Barely concealing its ire with the country's biggest utility PGE for dropping the project earlier this month, the Polish government is seeking a route to put the PLN11.6bn Opole power plant expansion back on track, an official said on April 18.
"The decision to cancel the investment isn't good for the Polish energy industry, but we have to take into account that PGE is a public company," Deputy Treasury Minister Pawel Tamborski told parliament, according to Bloomberg. "Among the treasury, the economy ministry and the prime minister's office we're are working on changing the formula of the Opole investment to improve its financial efficiency."
State-controlled PGE cancelled the country's biggest power generation project on April 5, in a move welcomed by analysts who questioned the economic wisdom of building the 1.8-gigawatt (GW) coal-fired plant given dwindling power prices in Europe. They still worry, however, that the company remains at risk of being commissioned to invest in politically-motivated projects.
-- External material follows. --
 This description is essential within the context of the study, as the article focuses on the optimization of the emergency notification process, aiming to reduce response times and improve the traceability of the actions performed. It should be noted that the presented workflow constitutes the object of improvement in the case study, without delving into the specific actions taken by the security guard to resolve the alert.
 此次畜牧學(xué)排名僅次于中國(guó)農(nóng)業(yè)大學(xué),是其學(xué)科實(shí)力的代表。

Reflecting that concern, Warsaw is clearly angry that one of the flagship projects in its drive for greater energy security has been scuppered by a state-controlled company. Opole was even name-checked as one of eight key projects by Prime Minister Donald Tusk in an October policy speech.
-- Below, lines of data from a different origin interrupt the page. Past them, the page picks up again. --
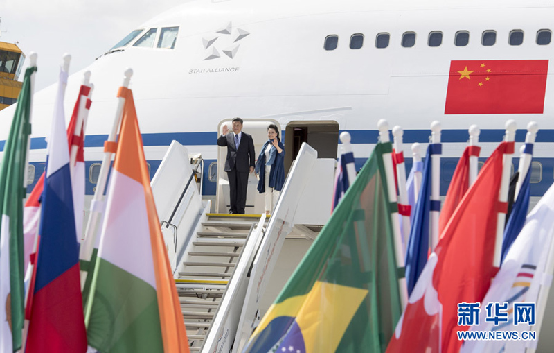 7月6日,国家主席习近平乘专机抵达德国汉堡,出席二十国集团领导人第十二次峰会。这是习近平和夫人彭丽媛步出舱门。 新华社记者 李学仁 摄
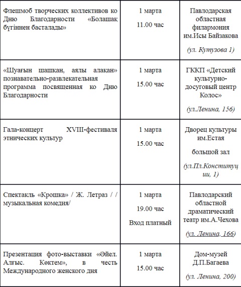 Городские новостиКак павлодарцы начнут отмечать мартовские праздники (28.02.2018, 13:08), просмотров: 3849
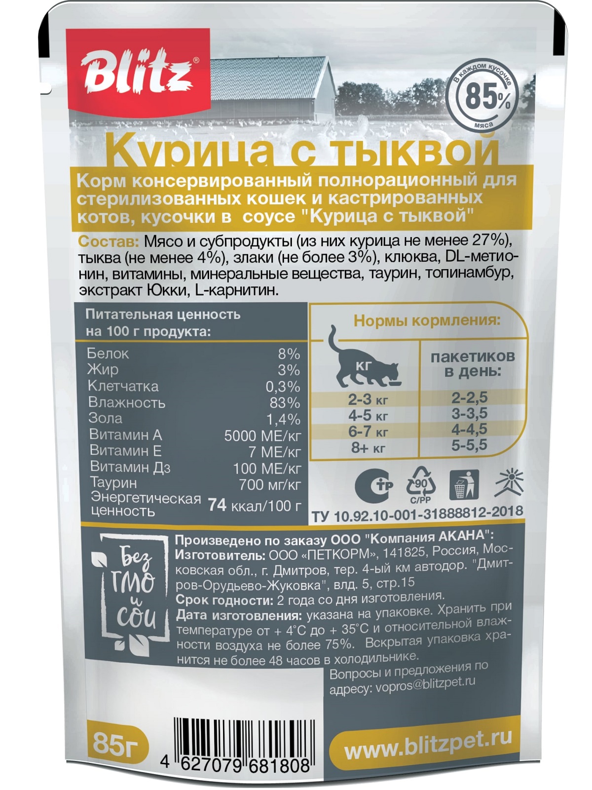 Корм Blitz Classic «Курица с тыквой» создан специально для кастрированных котов и стерилизованных кошек, чтобы поддерживать их здоровье и идеальный вес после операции.
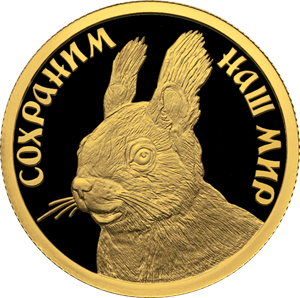 Золотая монета 50 рублей "Белка обыкновенная" 7,78г., Au 999, Proof, 2023г.
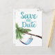 Save The Date Tropical Paradise - Featuring a vintage striped hammock hung on a large palm tree wedding/Engagement or general celebration poster art.

However, the pressure on Poland's state companies balance sheets is building, as the government's drive for huge investment in energy security builds. That has seen a series of projects mothballed recently. Energa suspended the Ostroleka power plant project last year and is waiting for partners to help it finance the investment. Tauron insists it will push forward with PLN5.41bn expansion of its Jaworzno plant, but is expected to cancel the 850MW gas-fired power plant project Blachownia, with Erste analysts anticipating the companies investment programme to peak in 2014 at PLN5bn.
In particular, PGE has complained over requirements that it lend its shoulder to the shale gas hunt after international investors lost their enthusiasm last year. That demand has helped delay the already long-winded project to build the country's first nuclear plant, which is led by PGE.
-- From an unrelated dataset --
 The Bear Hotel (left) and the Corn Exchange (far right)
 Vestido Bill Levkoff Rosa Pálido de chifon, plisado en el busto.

The company announced on April 17 that it has opened talks with new potential partners, after failing to seal an investment agreement on building the 3GW facility with state-controlled utilities Tauron and Enea, as well as copper miner KGHM. The problems on that project saw the PM step in on April 2, when he directly contradicted the treasury by pledging state support, possibly including financing.
However, the treasury, which controls state assets, is clearly not happy. Tamborski said that the ministry expects PGE's Turow lignite-fired project, which was also scrapped after bids to build it were almost twice as high as the budget, will be continued, adding that the country's state-controlled utilities need to take into account "dramatic" changes on the domestic electricity market while making decisions on new investments.
The official added that Polskie Inwestycje Rozwojowe, the government-backed fund set up this year in a bid to boost infrastructure investment, may help finance the Opole project.